Alt-text: That's a gneiss butte.

This one will be short, mostly because I'm not a geologist and I'd mainly like to confirm whether what the sticks say in the comic makes any sort of sense. Remember, Randy is not a geologist, either, and his knowledge of the subject has probably come from Wikipedia.

So geology has a few terms that, to a layman, might sounds as some sort of double innuendo. So what does Randall do? Why, make a sex joke about it, of course! First off, ew, and second, how desperate do you have to be that a couple of technical terms will turn you on? While at work?

Another "just dumb" comic. Not much to criticize or get angry about, but definitely not something that really needed to be put online.

Friday, July 13, 2012

1081: If you're arguing over the Internet, you've already lost.


Alt-text: Really, the comforting side in most conspiracy theory arguments is the one claiming that anyone who's in power has any plan at all.

Oh, those wacky conspiracy theorists. Aren't they all just so dumb? I mean, they believe some weird pages with inconsistent text style more than our beloved Wikipedia and then they call everybody who doesn't agree with them "sheep".What is wrong with them?

In all seriousness, this is just another instance of Randall's "intellectual elitism" - anybody who believes something that I know isn't true is wrong and therefore stupid - and this is only aplified by a Randall stand-in being the one who "wins" the argument against a hairy loser. This actually makes me wonder how different this strip would be if the two stickmen's hairstyles were swapped. After all, since hair is only used in xkcd to differentiate between characters, it shouldn't matter who has what hairstyle.
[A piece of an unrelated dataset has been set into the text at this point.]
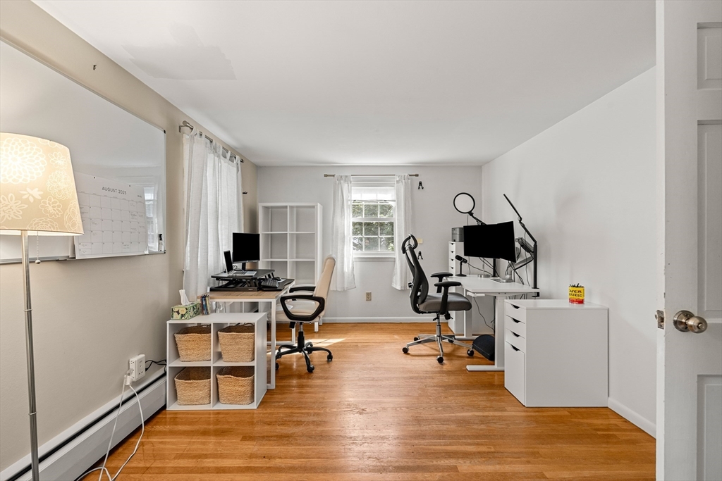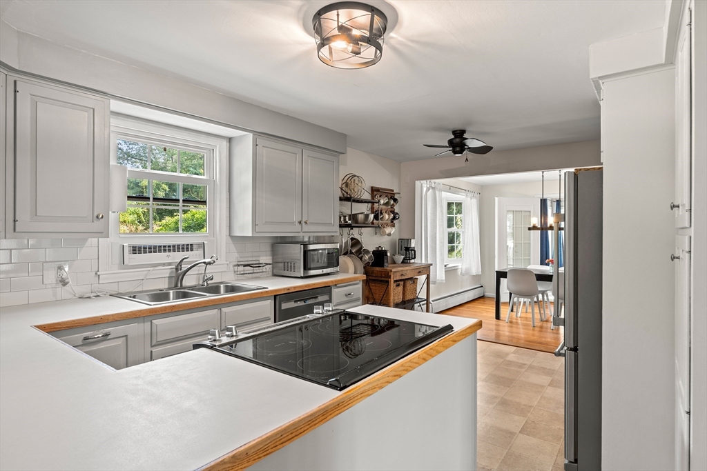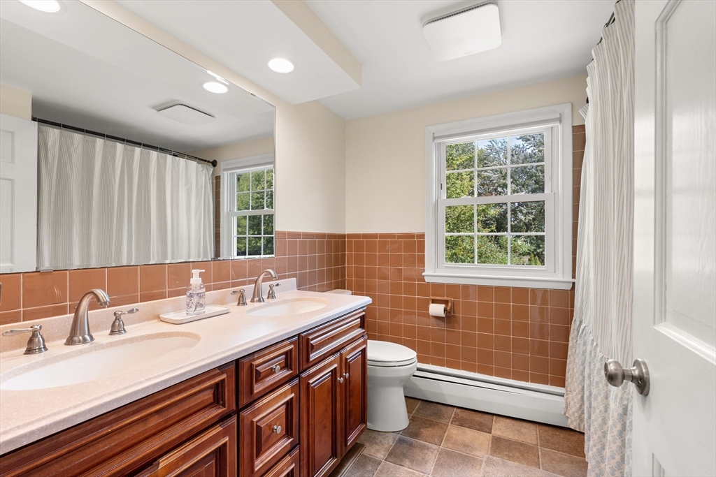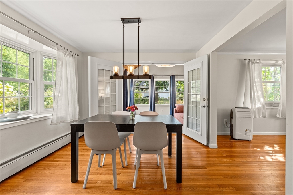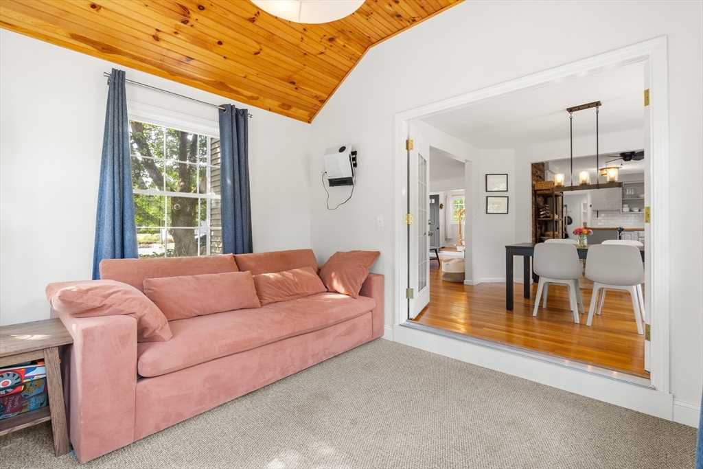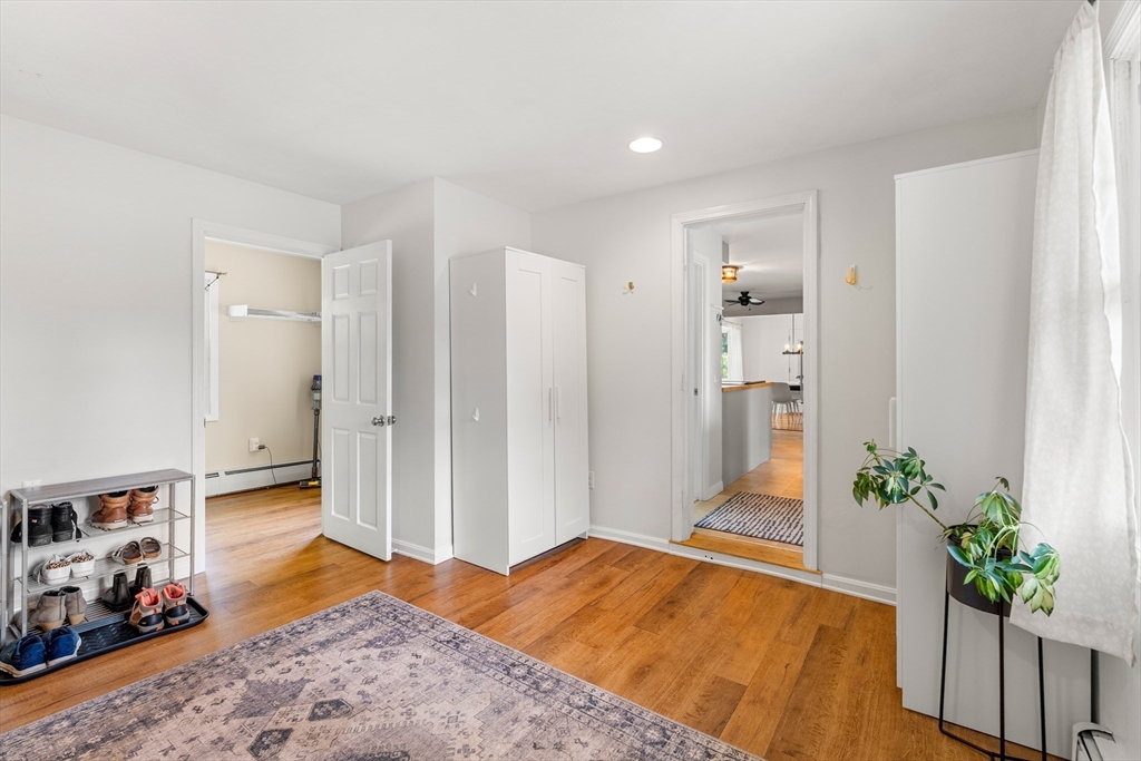 Meticulously maintained 4 bed, 2 bath home with 2 car garage on large, manicured lot in highly sought after quiet, neighborhood. Spacious first floor with hardwooded living room, eat in kitchen with SS appliances, sunroom/den and family room currently being used as mudroom. First floor laundry room and full bath on each floor. Second floor features primary suite with walk in closet and three additional, good sized bed rooms all with hardwood. Additional living space in partially finished basement. Walk up attic and basement offer tons of storage. Oversized, attached two car garage. Stone patio with fire pit for relaxing in your rolling, private yard with gardens. Many upgrades including newer systems with maintenance free vinyl siding and updated roof/windows. Charm and curb appeal galore in this beautiful home with room for the whole family. Quiet, wide street within walking distance to schools and town. Convenient to conservation areas, main roadways, surrounding towns and more.

Right?

I feel confident in marking this review with the "no joke" tag, since the waterslide gag reads like Chris-chan's patented Random Access Humor (if you don't know what I'm talking about here, consider yourself lucky and don't, I repeat, don't search for any of that). When is Randall finally going to understand that non sequiturs are not funny on their own? Also, doesn't the hair in Panel 2 remind you of Doug from Scrubs?

Now that I think about it, there are many xkcd comics, in which the characters are doing this, which makes me wonder if it's a common thing to do for Randall. I believe that if you argue with every idiot you meet online, you probably aren't as smart as you think you are.